WORK ORDER :: With the exception of the pictures, write out the data below precisely.

[Data entries]
++++++++++

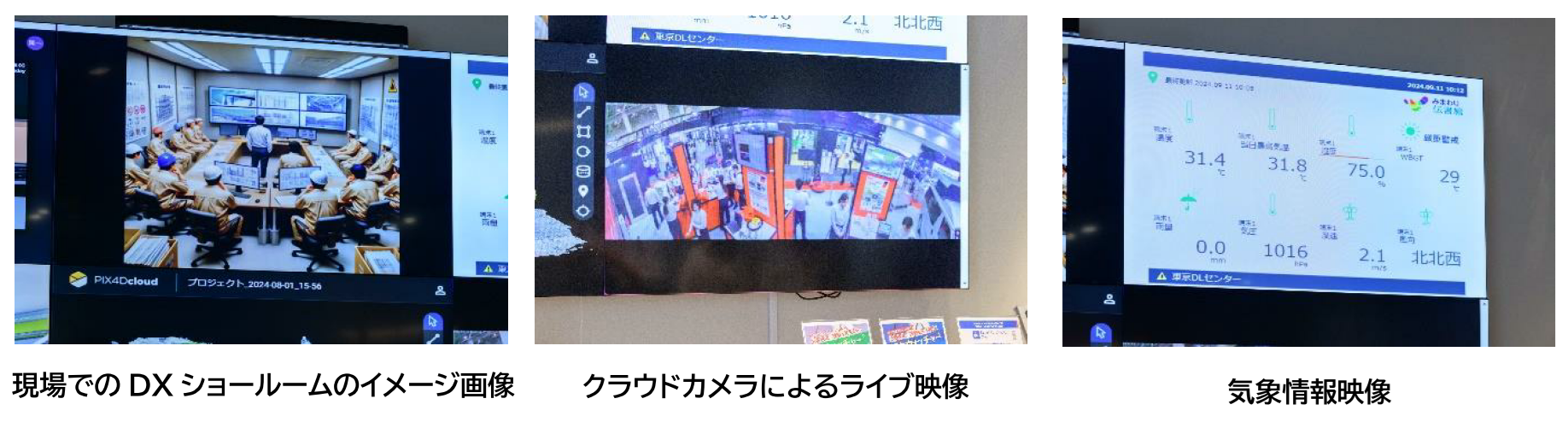 大阪DLセンターに設置されているアクティオDXショールーム大阪は、現場の情報をすべて集約し、「現場のことがすべてわかる」をコンセプトにしています。リアルタイムで現場の全容を把握するため、複数のモニターを活用します。クラウドカメラによる現場のライブ映像を映し、別のモニターでは先週の現場の様子を投影するなど、過去の映像記録、気象情報、機械の稼働状況、BIMデータなどを同時に表示します。これにより、工事の進捗管理や安全確保が効率化され、建設業界のDXを加速させ、現場の「見える化」を実現します。
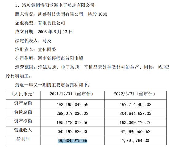 其中,龙海玻璃业绩不俗。公告显示,龙海玻璃2021年营业收入约为2.5亿元,净利润约为4660万元。
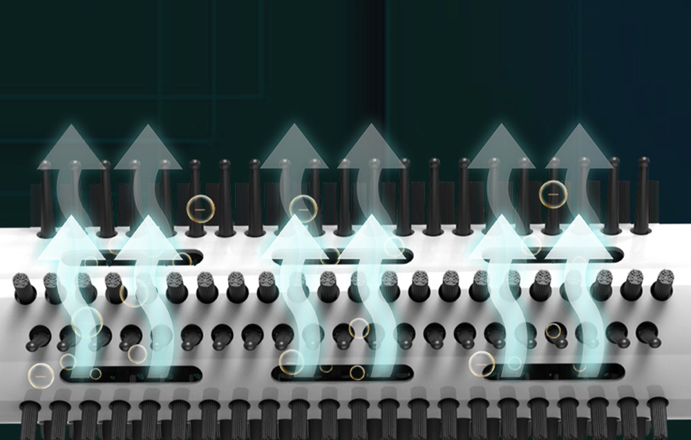 El dispositivo se distingue por su diseño cuidadosamente pensado. La punta aislada facilita el cambio de puntas y protege contra quemaduras, mientras que la abertura aerodinámica garantiza un buen flujo de aire. Además, la tecnología de iones negativos de 360° evita la electrificación del cabello y el aislamiento de goma reduce el ruido de funcionamiento del dispositivo. Además, las puntas son fáciles de instalar/quitar.
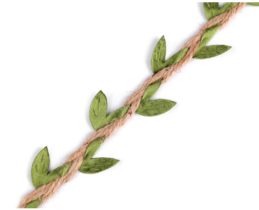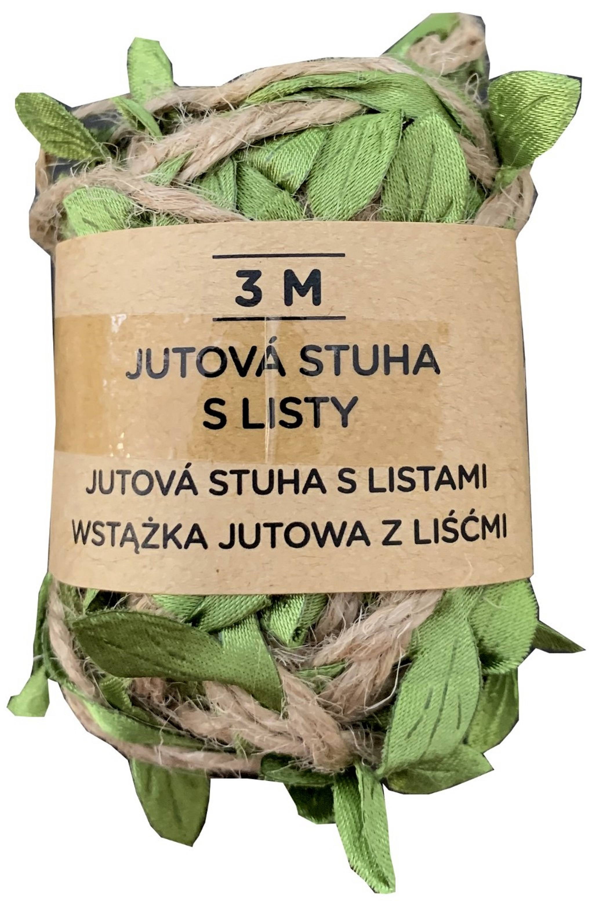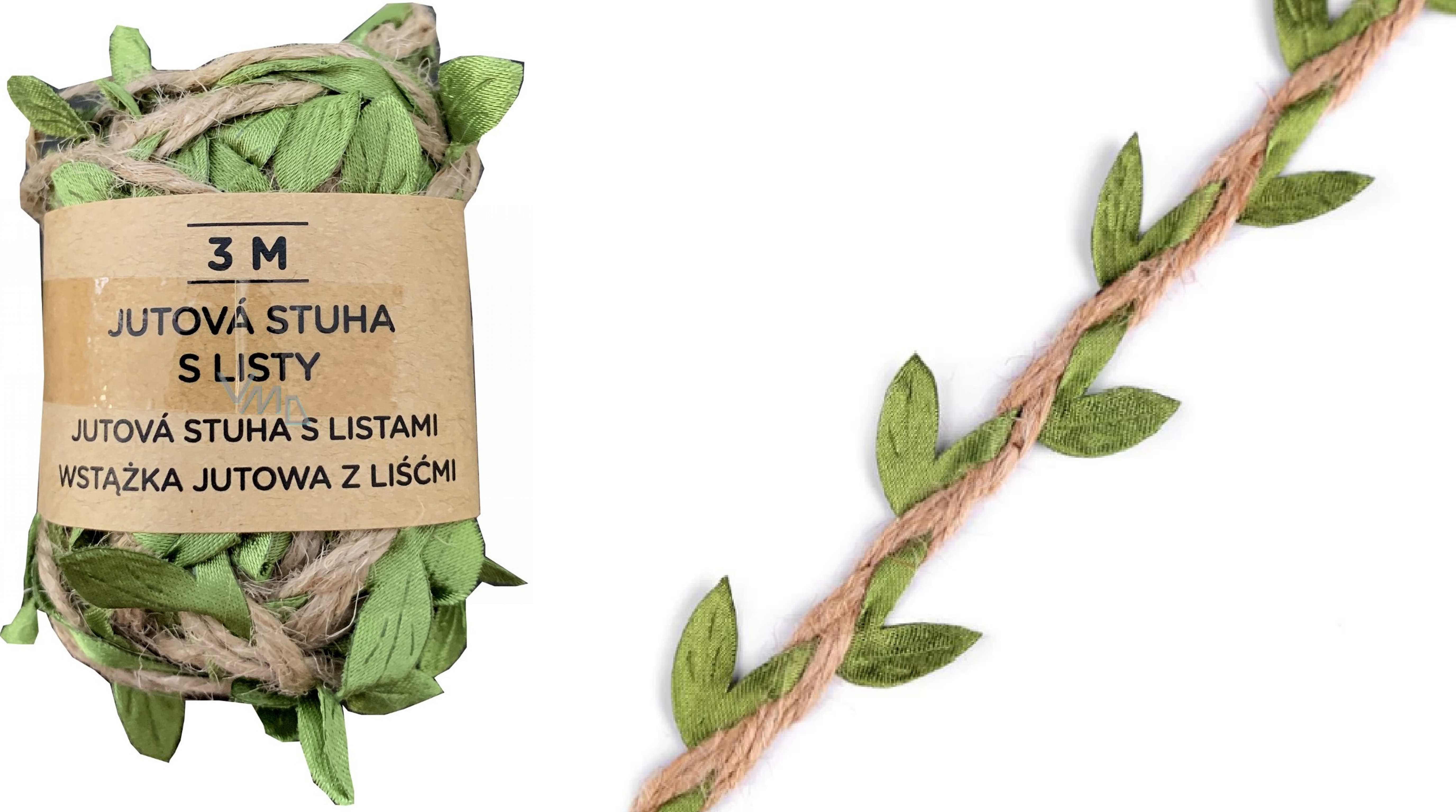 Jutové stuha s lístečky je elegantní, nadčasové a pevné. Vhodné k vánočnímu aranžmá. Stuha s listy je do prýmku zapletena, tím zajišťuje pravidelnost. Listy mají uprostřed vytlačené žilkování. Lze je použít při vazbě řezaných i sušených květin, ozdobit dárkové předměty nebo balíčky. Zabalte dárky jednoduše do balícího papíru a omotejte těmito krásnými veselými stuhami.
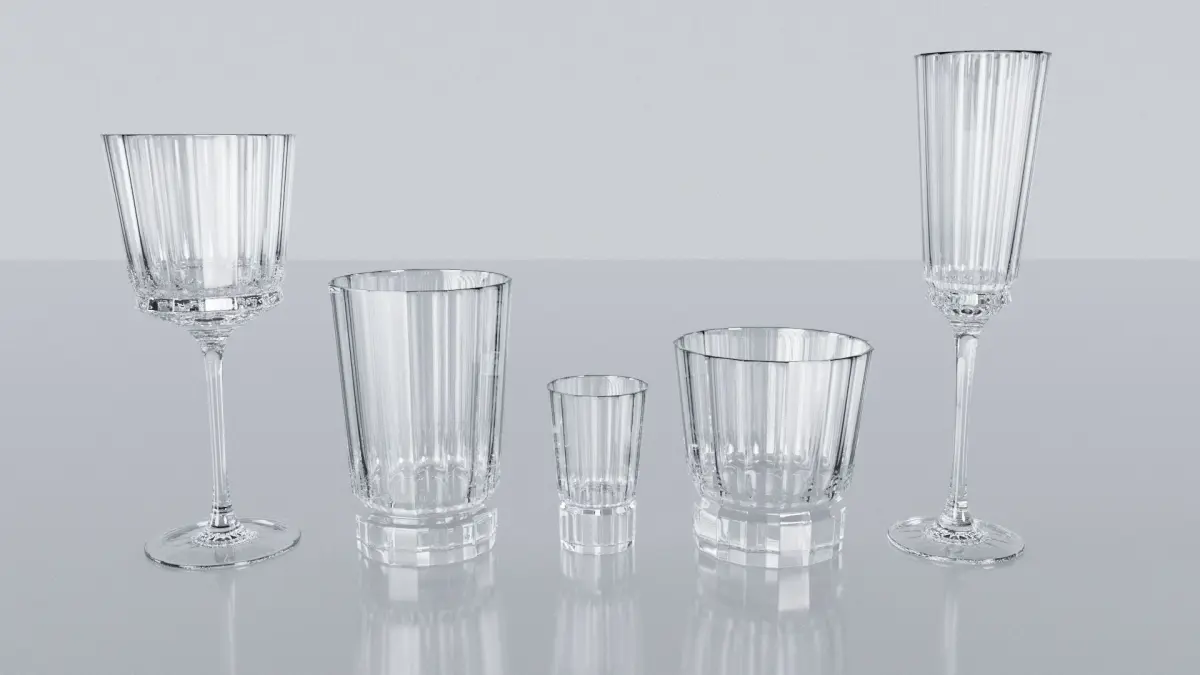 This set contain 8 different models. Decanter, Ice Bucket, Bowl, Champagne Flute, Shooter, Wine Glass, Whiskey Glass, Tumbler.
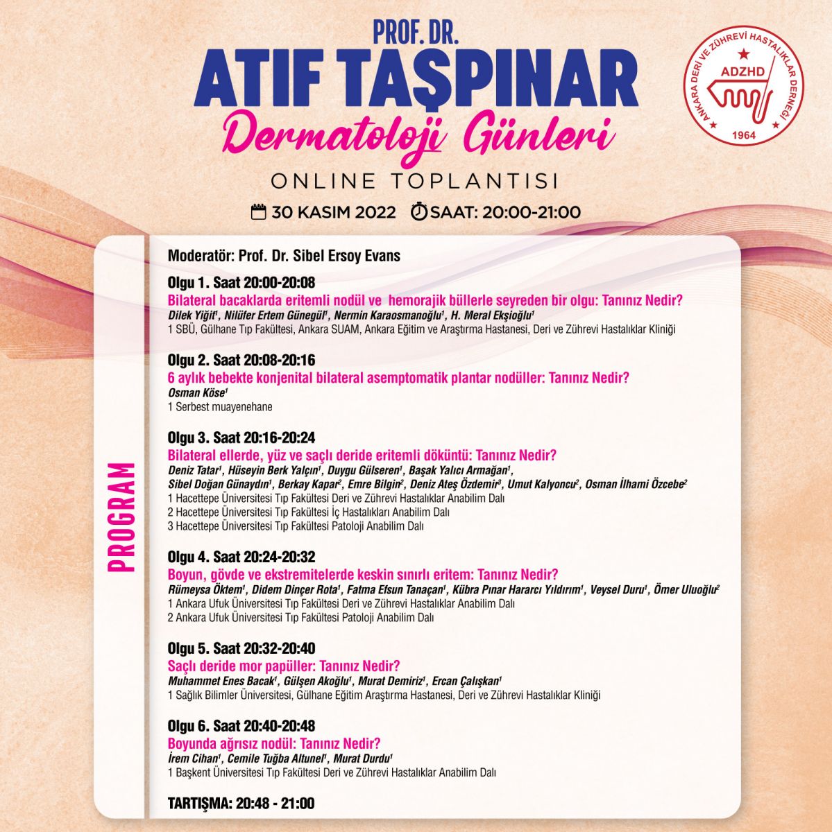 30 Kasim 2022 aksam saat 20 00-21 00 saatleri arasinda Prof Dr Atıf Taşpınar günleri çevrimiçi olarak düzenlenecektir. Sunulacak olgular ile ilgili bilgilendirme e-postalarının dernek@ankaraderm.org adresine gonderilmesi gerekmektedir. Erişim Linki: https://join.livecasthq.com/atiftaspinardermatolojionline30kasim

++++++++++

SOLVED EXERCISE ::
 大阪DLセンターに設置されているアクティオDXショールーム大阪は、現場の情報をすべて集約し、「現場のことがすべてわかる」をコンセプトにしています。リアルタイムで現場の全容を把握するため、複数のモニターを活用します。クラウドカメラによる現場のライブ映像を映し、別のモニターでは先週の現場の様子を投影するなど、過去の映像記録、気象情報、機械の稼働状況、BIMデータなどを同時に表示します。これにより、工事の進捗管理や安全確保が効率化され、建設業界のDXを加速させ、現場の「見える化」を実現します。
 其中,龙海玻璃业绩不俗。公告显示,龙海玻璃2021年营业收入约为2.5亿元,净利润约为4660万元。
 El dispositivo se distingue por su diseño cuidadosamente pensado. La punta aislada facilita el cambio de puntas y protege contra quemaduras, mientras que la abertura aerodinámica garantiza un buen flujo de aire. Además, la tecnología de iones negativos de 360° evita la electrificación del cabello y el aislamiento de goma reduce el ruido de funcionamiento del dispositivo. Además, las puntas son fáciles de instalar/quitar.
 Jutové stuha s lístečky je elegantní, nadčasové a pevné. Vhodné k vánočnímu aranžmá. Stuha s listy je do prýmku zapletena, tím zajišťuje pravidelnost. Listy mají uprostřed vytlačené žilkování. Lze je použít při vazbě řezaných i sušených květin, ozdobit dárkové předměty nebo balíčky. Zabalte dárky jednoduše do balícího papíru a omotejte těmito krásnými veselými stuhami.
 This set contain 8 different models. Decanter, Ice Bucket, Bowl, Champagne Flute, Shooter, Wine Glass, Whiskey Glass, Tumbler.
 30 Kasim 2022 aksam saat 20 00-21 00 saatleri arasinda Prof Dr Atıf Taşpınar günleri çevrimiçi olarak düzenlenecektir. Sunulacak olgular ile ilgili bilgilendirme e-postalarının dernek@ankaraderm.org adresine gonderilmesi gerekmektedir. Erişim Linki: https://join.livecasthq.com/atiftaspinardermatolojionline30kasim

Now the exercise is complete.